AIM OF THE EXERCISE – Below is a listing. Return the lines from the one that contains "Android 15 Carplay" to the one that contains "Lange, wattierte Jacke", both ends included, verbatim and with no pictures.

INFORMATION SUPPLIED –

====

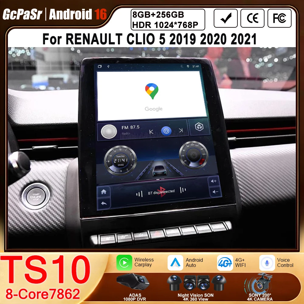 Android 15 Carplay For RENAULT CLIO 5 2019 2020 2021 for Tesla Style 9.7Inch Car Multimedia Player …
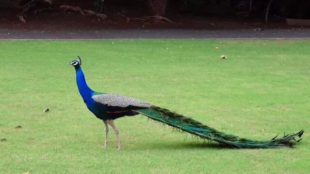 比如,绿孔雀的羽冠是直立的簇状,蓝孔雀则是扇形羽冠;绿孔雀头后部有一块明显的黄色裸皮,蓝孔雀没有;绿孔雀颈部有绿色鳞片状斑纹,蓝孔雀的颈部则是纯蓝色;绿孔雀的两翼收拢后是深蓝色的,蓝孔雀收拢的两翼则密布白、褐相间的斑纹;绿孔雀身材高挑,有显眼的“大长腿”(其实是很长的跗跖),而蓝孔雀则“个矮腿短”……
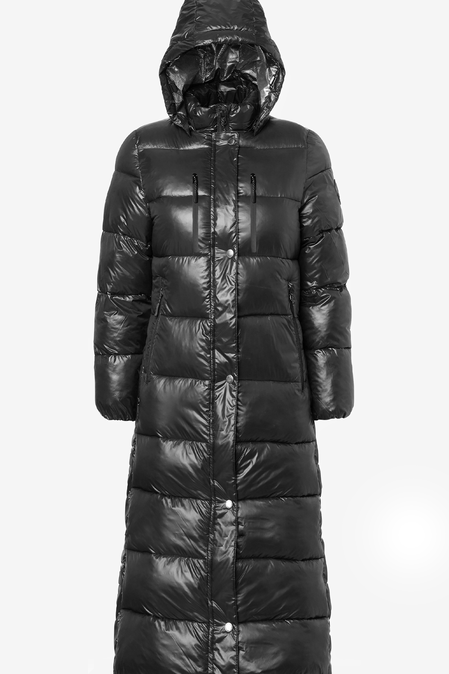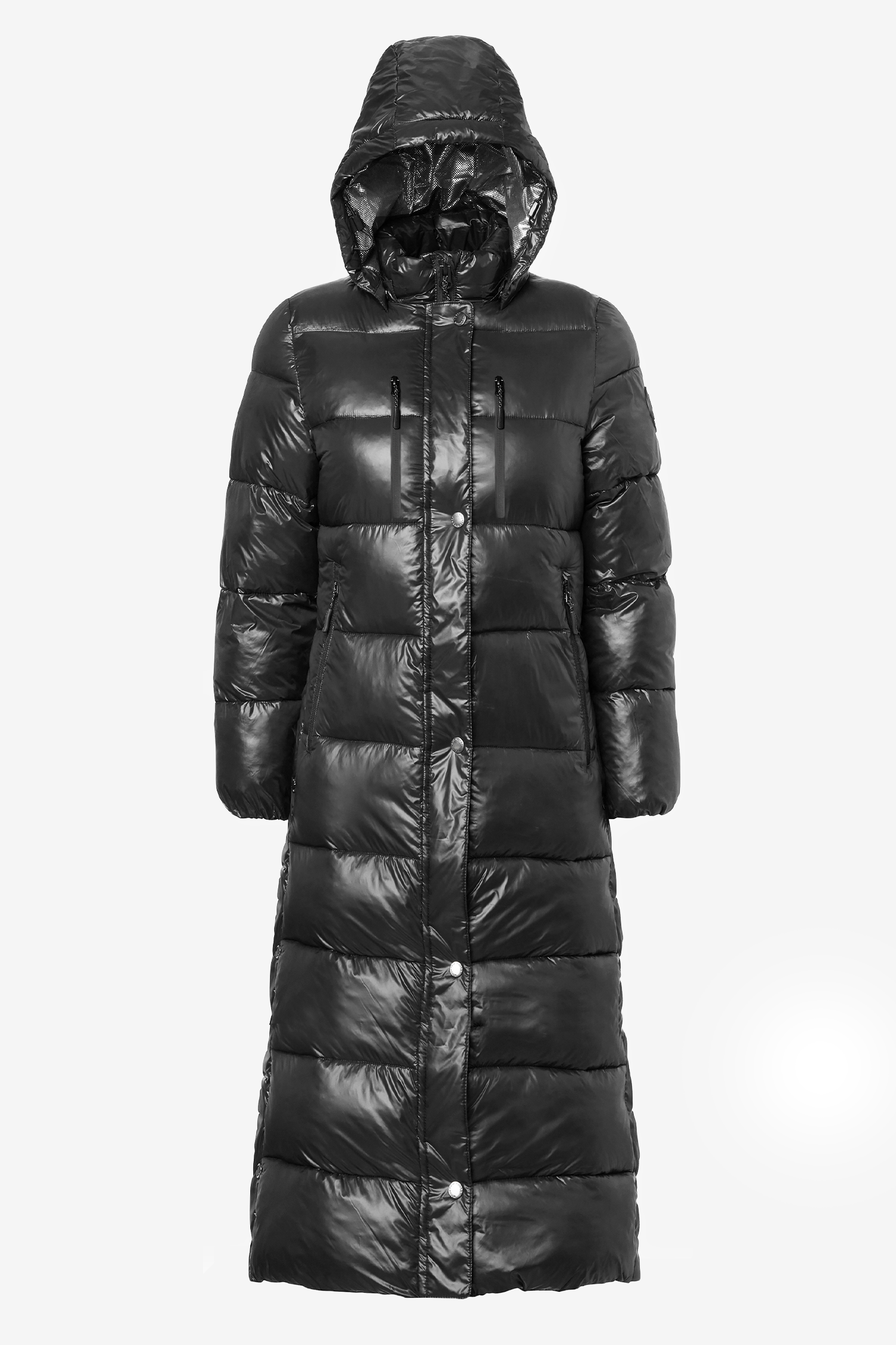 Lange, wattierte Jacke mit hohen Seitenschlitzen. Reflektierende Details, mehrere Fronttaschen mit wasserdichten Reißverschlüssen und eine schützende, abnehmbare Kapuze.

====

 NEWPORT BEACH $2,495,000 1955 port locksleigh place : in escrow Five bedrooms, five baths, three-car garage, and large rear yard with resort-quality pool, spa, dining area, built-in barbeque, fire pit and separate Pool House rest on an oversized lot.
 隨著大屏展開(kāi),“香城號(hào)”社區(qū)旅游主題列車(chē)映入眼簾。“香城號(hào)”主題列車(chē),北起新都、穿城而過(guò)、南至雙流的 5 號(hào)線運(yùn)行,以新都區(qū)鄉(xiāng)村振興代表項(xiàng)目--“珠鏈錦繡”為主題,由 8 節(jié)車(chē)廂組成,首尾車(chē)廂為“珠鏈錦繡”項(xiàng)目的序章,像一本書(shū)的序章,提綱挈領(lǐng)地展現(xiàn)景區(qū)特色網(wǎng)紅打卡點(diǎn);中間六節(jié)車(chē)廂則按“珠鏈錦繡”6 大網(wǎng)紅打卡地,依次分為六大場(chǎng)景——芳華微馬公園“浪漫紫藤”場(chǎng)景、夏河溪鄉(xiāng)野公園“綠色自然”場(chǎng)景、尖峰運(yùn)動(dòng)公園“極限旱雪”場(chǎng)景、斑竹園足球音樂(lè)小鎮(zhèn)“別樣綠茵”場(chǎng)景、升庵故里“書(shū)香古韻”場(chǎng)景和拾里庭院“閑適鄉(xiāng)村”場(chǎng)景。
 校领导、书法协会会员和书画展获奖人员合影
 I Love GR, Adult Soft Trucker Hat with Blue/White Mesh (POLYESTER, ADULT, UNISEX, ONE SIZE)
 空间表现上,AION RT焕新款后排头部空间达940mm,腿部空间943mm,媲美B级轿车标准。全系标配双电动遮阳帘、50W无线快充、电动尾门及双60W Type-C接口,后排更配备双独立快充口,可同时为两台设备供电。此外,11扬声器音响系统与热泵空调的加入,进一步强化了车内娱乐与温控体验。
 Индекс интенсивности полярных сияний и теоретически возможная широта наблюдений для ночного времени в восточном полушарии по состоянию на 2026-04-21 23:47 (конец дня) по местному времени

====

ANSWER SECTION –
 Android 15 Carplay For RENAULT CLIO 5 2019 2020 2021 for Tesla Style 9.7Inch Car Multimedia Player …
 比如,绿孔雀的羽冠是直立的簇状,蓝孔雀则是扇形羽冠;绿孔雀头后部有一块明显的黄色裸皮,蓝孔雀没有;绿孔雀颈部有绿色鳞片状斑纹,蓝孔雀的颈部则是纯蓝色;绿孔雀的两翼收拢后是深蓝色的,蓝孔雀收拢的两翼则密布白、褐相间的斑纹;绿孔雀身材高挑,有显眼的“大长腿”(其实是很长的跗跖),而蓝孔雀则“个矮腿短”……
 Lange, wattierte Jacke mit hohen Seitenschlitzen. Reflektierende Details, mehrere Fronttaschen mit wasserdichten Reißverschlüssen und eine schützende, abnehmbare Kapuze.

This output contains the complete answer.